LISTED ENTRIES:
##########

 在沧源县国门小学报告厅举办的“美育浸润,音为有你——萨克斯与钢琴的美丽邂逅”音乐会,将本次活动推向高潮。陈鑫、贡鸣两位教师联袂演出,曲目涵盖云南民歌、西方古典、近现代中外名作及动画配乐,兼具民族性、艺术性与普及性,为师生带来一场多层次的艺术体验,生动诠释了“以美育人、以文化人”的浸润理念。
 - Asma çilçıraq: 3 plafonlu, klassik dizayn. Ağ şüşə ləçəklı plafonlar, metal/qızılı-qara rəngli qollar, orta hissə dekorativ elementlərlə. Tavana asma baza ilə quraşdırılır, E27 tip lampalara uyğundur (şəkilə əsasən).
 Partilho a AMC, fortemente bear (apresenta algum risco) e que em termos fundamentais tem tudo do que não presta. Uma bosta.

##########

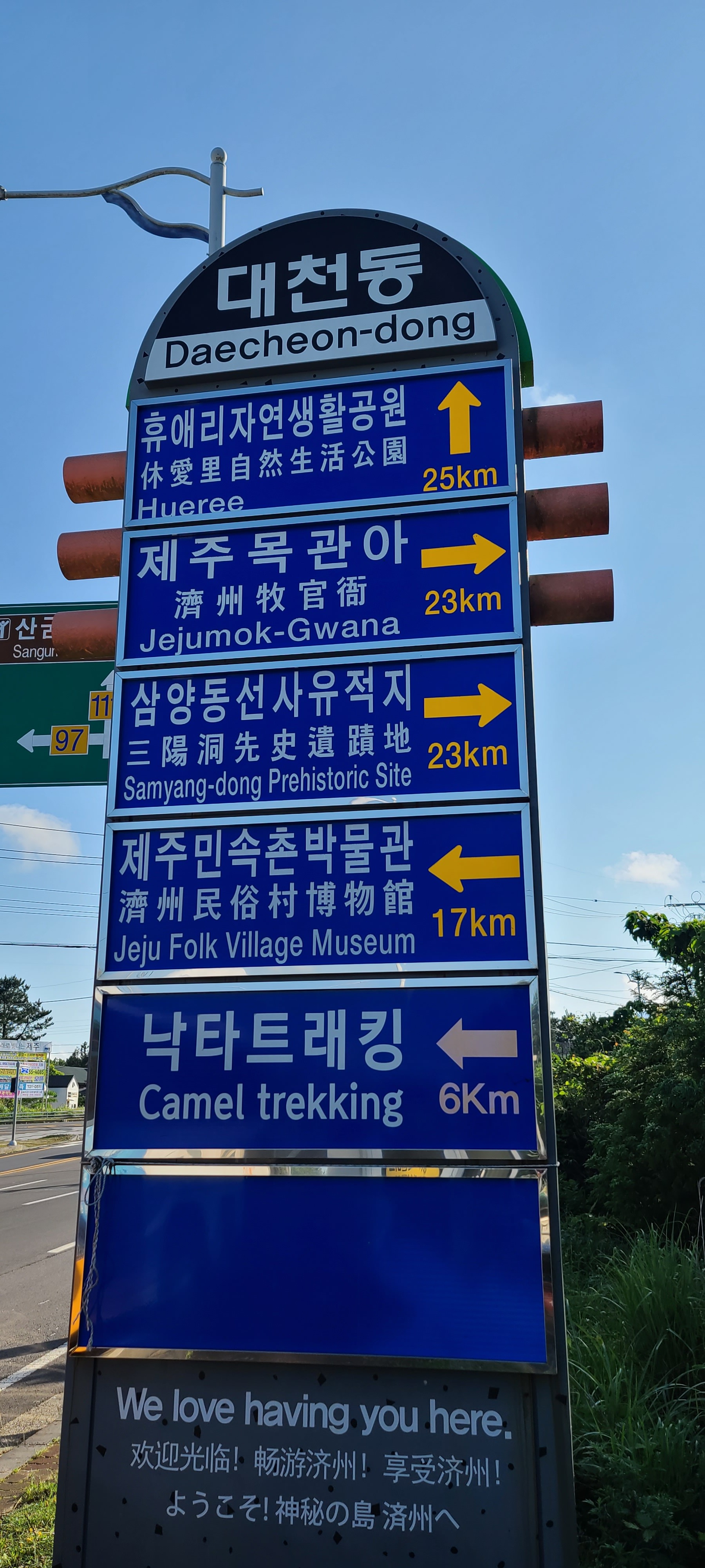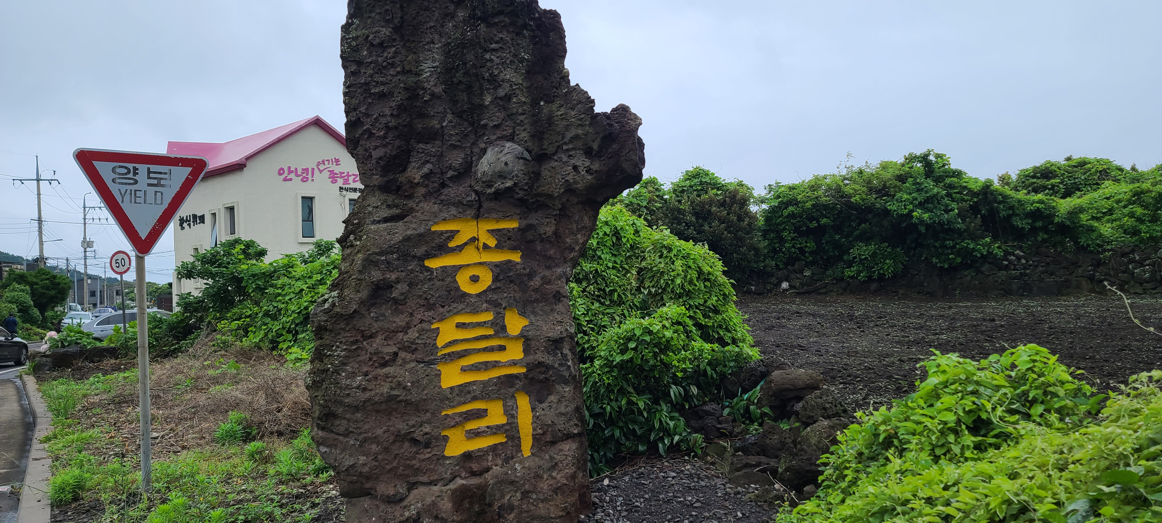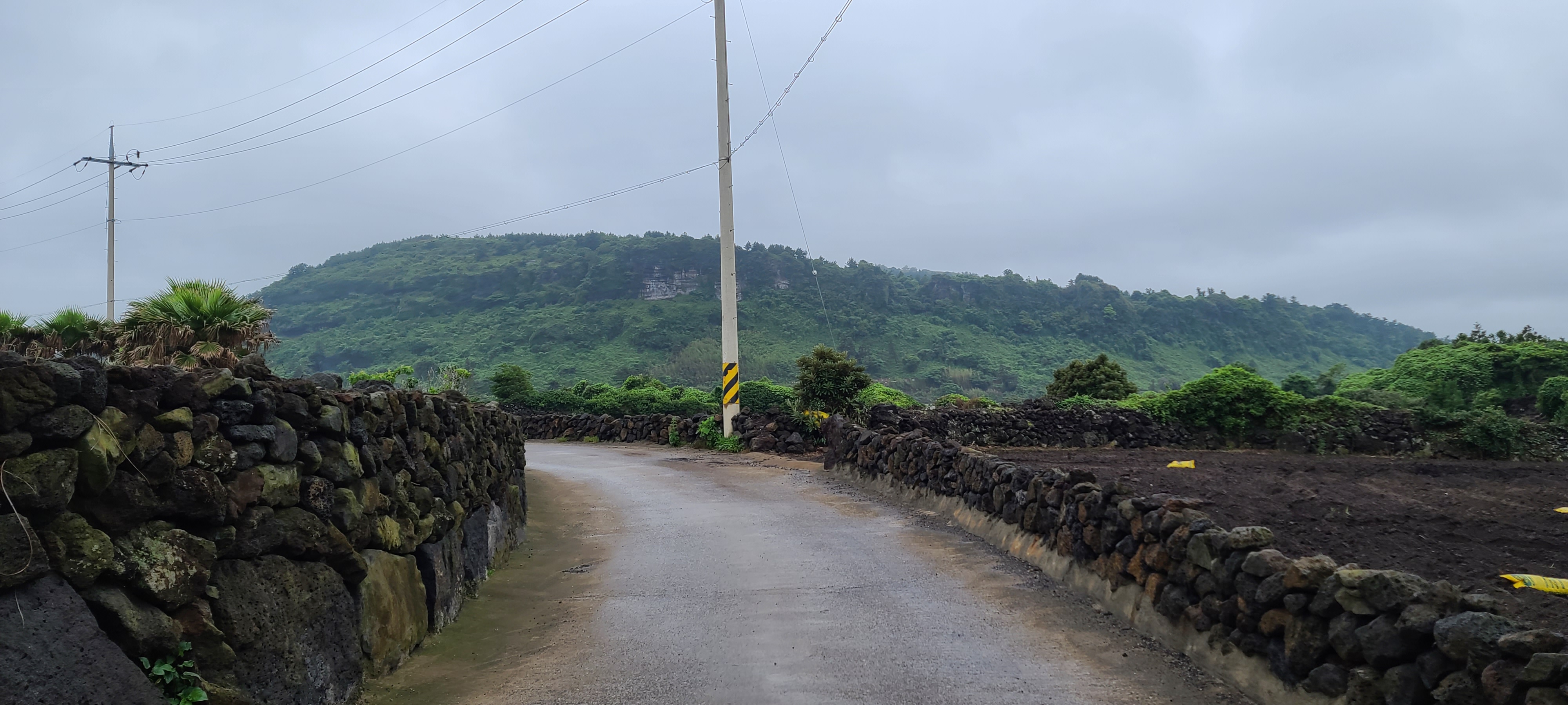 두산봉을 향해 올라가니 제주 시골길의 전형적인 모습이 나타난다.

##########

WHAT TO WORK ON:
In the listing above, find the line with "在沧源县国门小学报告厅举办的" and the line with "Partilho a AMC, fortemente", then print exactly those lines and every line between them.

THE ANSWER:
 在沧源县国门小学报告厅举办的“美育浸润,音为有你——萨克斯与钢琴的美丽邂逅”音乐会,将本次活动推向高潮。陈鑫、贡鸣两位教师联袂演出,曲目涵盖云南民歌、西方古典、近现代中外名作及动画配乐,兼具民族性、艺术性与普及性,为师生带来一场多层次的艺术体验,生动诠释了“以美育人、以文化人”的浸润理念。
 - Asma çilçıraq: 3 plafonlu, klassik dizayn. Ağ şüşə ləçəklı plafonlar, metal/qızılı-qara rəngli qollar, orta hissə dekorativ elementlərlə. Tavana asma baza ilə quraşdırılır, E27 tip lampalara uyğundur (şəkilə əsasən).
 Partilho a AMC, fortemente bear (apresenta algum risco) e que em termos fundamentais tem tudo do que não presta. Uma bosta.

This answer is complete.